[Opening AVAILABLE RECORDS section]
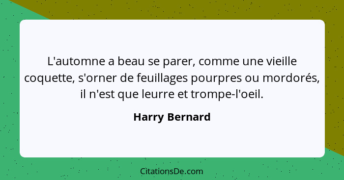 L'automne a beau se parer, comme une vieille coquette, s'orner de feuillages pourpres ou mordorés, il n'est que leurre et trompe-l'oeil.
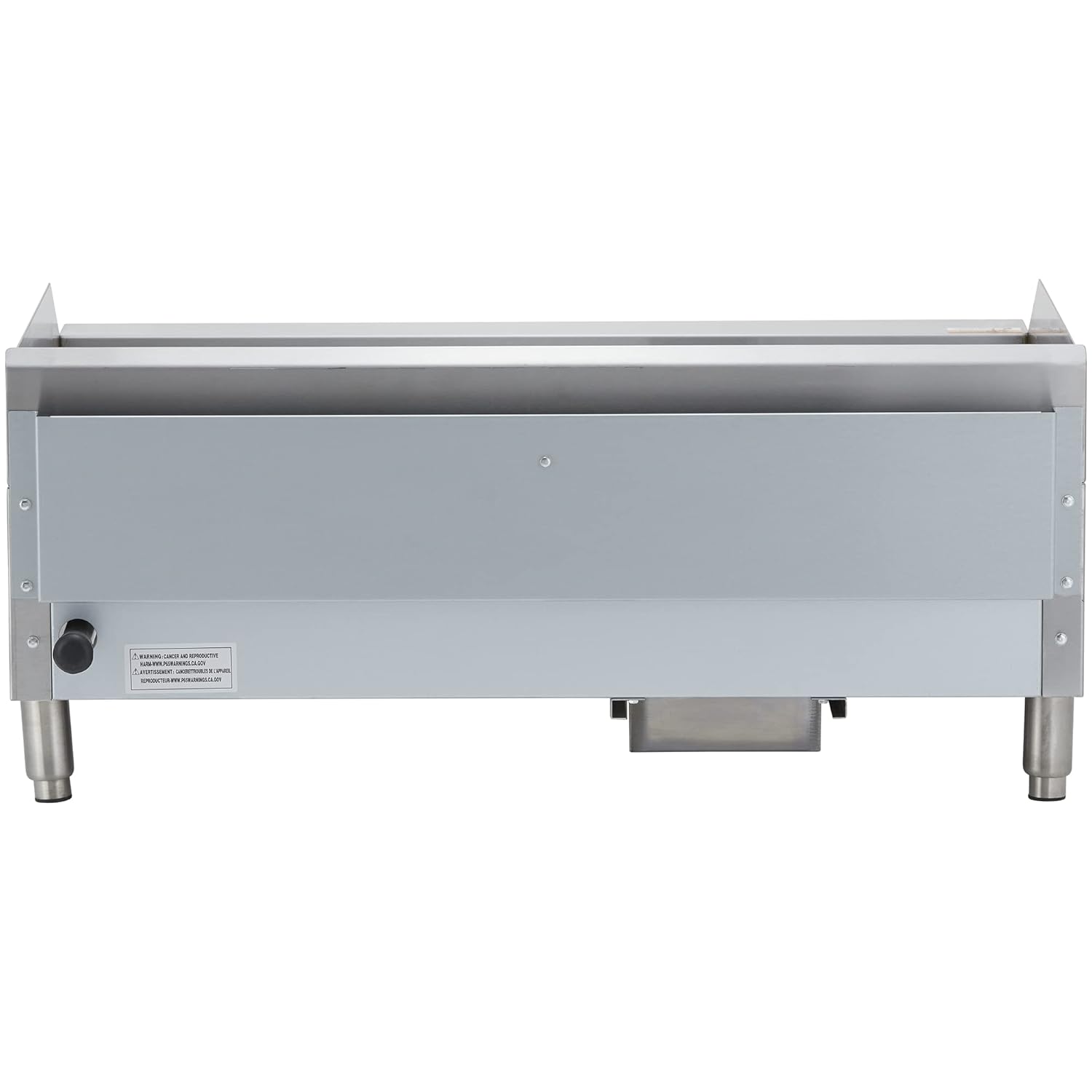 The Iron Range IRTG-36 36" x 21" Countertop Commercial Gas Commercial Griddle with Thermostatic Control provides the durability and performance you need to get the job done. The efficient 3/4” griddle plate offers the thickness of even heat distribution and retention along with the Iron Range “quick on” that turns the burners on when the probes sense temperature drop. This gives you important quick temperature recovery when cooking. The result is faster cook times. They are available in 24”, 36” and 48” widths. Units are shipped for natural gas but are easily converted to LPG (propane) gas with the LPG conversion kit that is included. All Griddles carry ETL approval for gas and sanitation that pass USA requirements for use in food service. Item Details: Stainless steel front, sides, and backsplash Double wall construction with insulated side panels 4” high backsplash and sidesplash fully welded to the griddle 4” adjustable non skid stainless steel legs Removable, easy to clean full width stainless grease catch pan - wide 3 ¼” front grease trough ¾” highly polished griddle plate provides even heat distribution Extended cool to touch front edge High performance and efficient stainless steel burners giving off 30,000 BTU/burner U-style burners provide flame every 6” on the griddle surface Temperature range from 200°F - 450°F Large temperature knobs with set screws Individual pilot lights with front access LPG conversion kit included
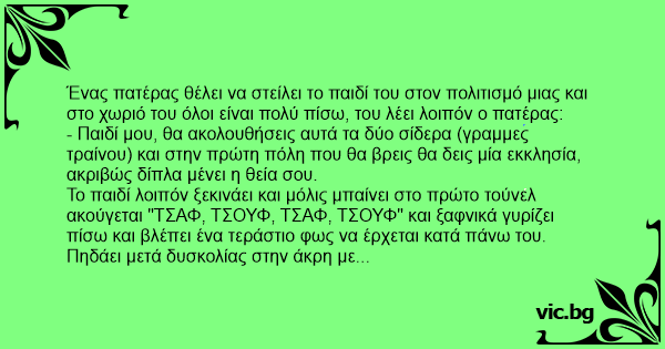 Ένας πατέρας θέλει να στείλει το παιδί του στον πολιτισμό μιας και στο χωριό του όλοι είναι πολύ πίσω, του λέει λοιπόν ο πατέρας:
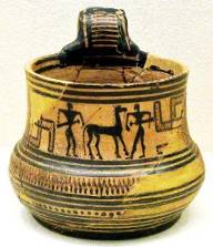Сосуды с геометрической росписью: скифос, пиксиды с фигурками коней и ойнохойя
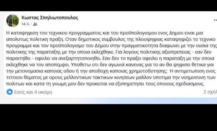Συνέχεια όμως δόθηκε και από τον πρώην ΓΓ του αείμνηστου Δημάρχου Καλογερόπουλου, κ. Κ. Σπηλιωτόπουλο ο οποίος εν ολίγοις πέταξε σπόντες κατά Β. Χριστόπουλου και Μ. Σταυροπούλου λέγοντας ευθέως ότι “όταν σύμβουλος της πλειοψηφίας καταψηφίζει τεχνικό πρόγραμμα και προϋπολογισμό…. διαφωνεί με την πολιτική της παράταξης…” και άρα “πρέπει να παραιτηθεί ή να ανεξαρτητοποιηθεί ή να αποπεμφθεί…”.
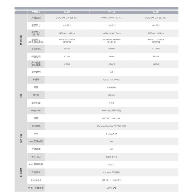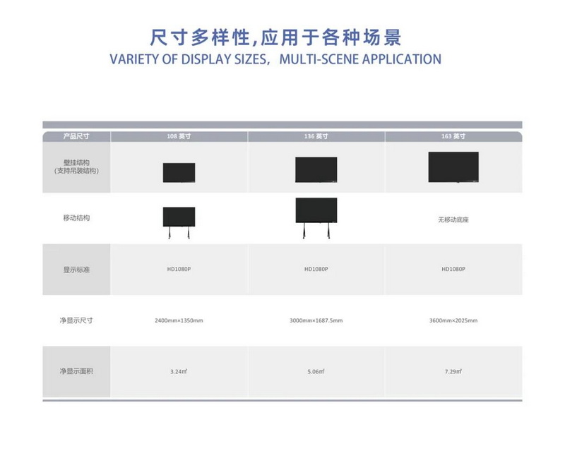 108“、136”、169“大尺寸,給你帶來(lái)沉浸式的視覺(jué)體驗(yàn),另外搭配堅(jiān)固的腳架方便移動(dòng),多種數(shù)據(jù)輸入輸出接口更加方便辦公。
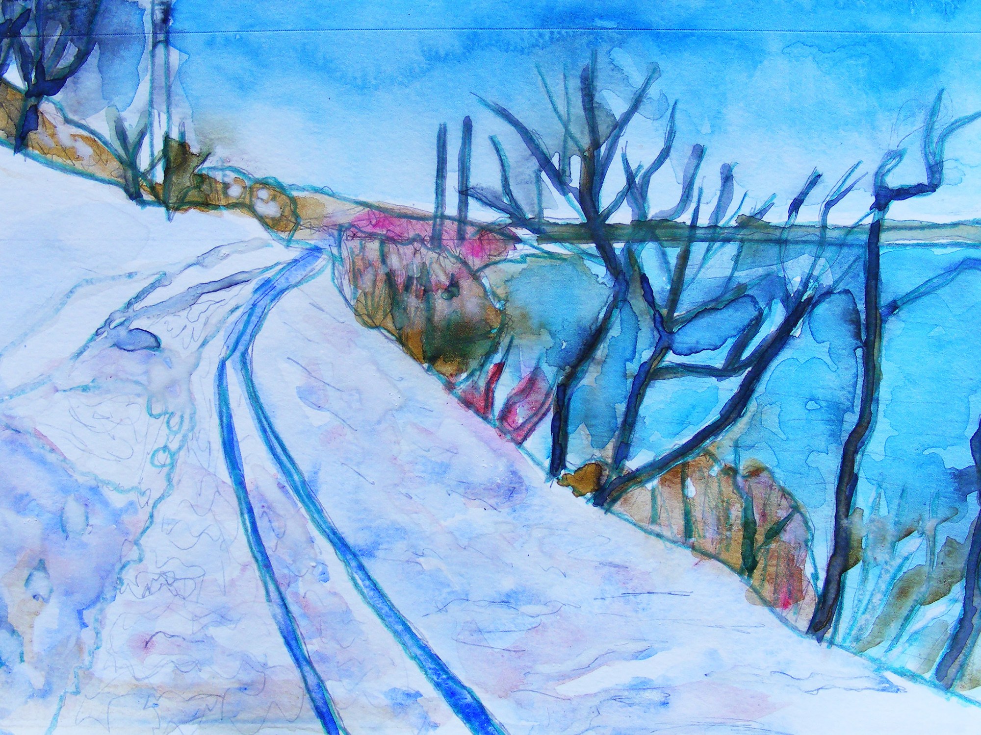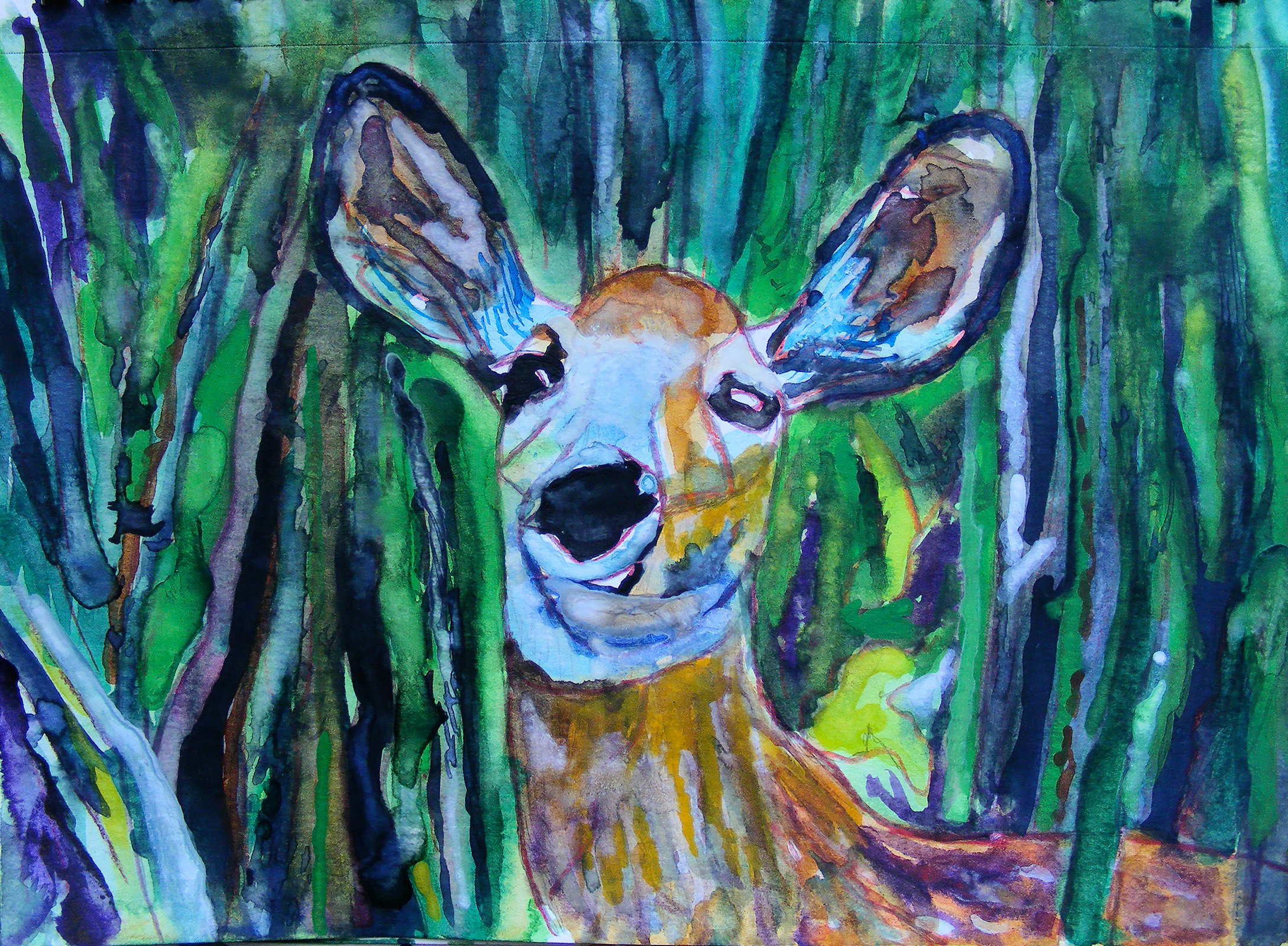 I like your watercolours particularly the doe and the Domtar trail – that one has a stained glass feel to it. Nice effect.
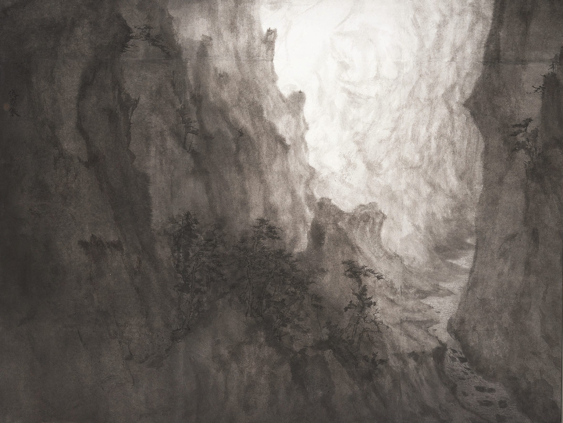 谭俊杰擅长运用宋人绘画程序并注入新的情调,格古韵新,造诣上乘,是次捐赠作品《此山中》正是其代表作之一。该画着力表达自然与人的关系,运用了传统国画笔墨及现代水墨手法,结合客观山石元素和主观环境感受,营造出既真实又虚假的心中世界。山石起伏,明晦有序,画面处理上亦富现代感。此画曾于2019年在澳门艺术博物馆与中国美术馆合办的“融──澳门艺术家作品特展"赴京展出,并荣获中国画评审奬,别具意义。
[Closing AVAILABLE RECORDS section]
Could you restate every entry above word for word, leaving out the pictures?

 L'automne a beau se parer, comme une vieille coquette, s'orner de feuillages pourpres ou mordorés, il n'est que leurre et trompe-l'oeil.
 The Iron Range IRTG-36 36" x 21" Countertop Commercial Gas Commercial Griddle with Thermostatic Control provides the durability and performance you need to get the job done. The efficient 3/4” griddle plate offers the thickness of even heat distribution and retention along with the Iron Range “quick on” that turns the burners on when the probes sense temperature drop. This gives you important quick temperature recovery when cooking. The result is faster cook times. They are available in 24”, 36” and 48” widths. Units are shipped for natural gas but are easily converted to LPG (propane) gas with the LPG conversion kit that is included. All Griddles carry ETL approval for gas and sanitation that pass USA requirements for use in food service. Item Details: Stainless steel front, sides, and backsplash Double wall construction with insulated side panels 4” high backsplash and sidesplash fully welded to the griddle 4” adjustable non skid stainless steel legs Removable, easy to clean full width stainless grease catch pan - wide 3 ¼” front grease trough ¾” highly polished griddle plate provides even heat distribution Extended cool to touch front edge High performance and efficient stainless steel burners giving off 30,000 BTU/burner U-style burners provide flame every 6” on the griddle surface Temperature range from 200°F - 450°F Large temperature knobs with set screws Individual pilot lights with front access LPG conversion kit included
 Ένας πατέρας θέλει να στείλει το παιδί του στον πολιτισμό μιας και στο χωριό του όλοι είναι πολύ πίσω, του λέει λοιπόν ο πατέρας:
Сосуды с геометрической росписью: скифос, пиксиды с фигурками коней и ойнохойя
Συνέχεια όμως δόθηκε και από τον πρώην ΓΓ του αείμνηστου Δημάρχου Καλογερόπουλου, κ. Κ. Σπηλιωτόπουλο ο οποίος εν ολίγοις πέταξε σπόντες κατά Β. Χριστόπουλου και Μ. Σταυροπούλου λέγοντας ευθέως ότι “όταν σύμβουλος της πλειοψηφίας καταψηφίζει τεχνικό πρόγραμμα και προϋπολογισμό…. διαφωνεί με την πολιτική της παράταξης…” και άρα “πρέπει να παραιτηθεί ή να ανεξαρτητοποιηθεί ή να αποπεμφθεί…”.
 108“、136”、169“大尺寸,給你帶來(lái)沉浸式的視覺(jué)體驗(yàn),另外搭配堅(jiān)固的腳架方便移動(dòng),多種數(shù)據(jù)輸入輸出接口更加方便辦公。
 I like your watercolours particularly the doe and the Domtar trail – that one has a stained glass feel to it. Nice effect.
 谭俊杰擅长运用宋人绘画程序并注入新的情调,格古韵新,造诣上乘,是次捐赠作品《此山中》正是其代表作之一。该画着力表达自然与人的关系,运用了传统国画笔墨及现代水墨手法,结合客观山石元素和主观环境感受,营造出既真实又虚假的心中世界。山石起伏,明晦有序,画面处理上亦富现代感。此画曾于2019年在澳门艺术博物馆与中国美术馆合办的“融──澳门艺术家作品特展"赴京展出,并荣获中国画评审奬,别具意义。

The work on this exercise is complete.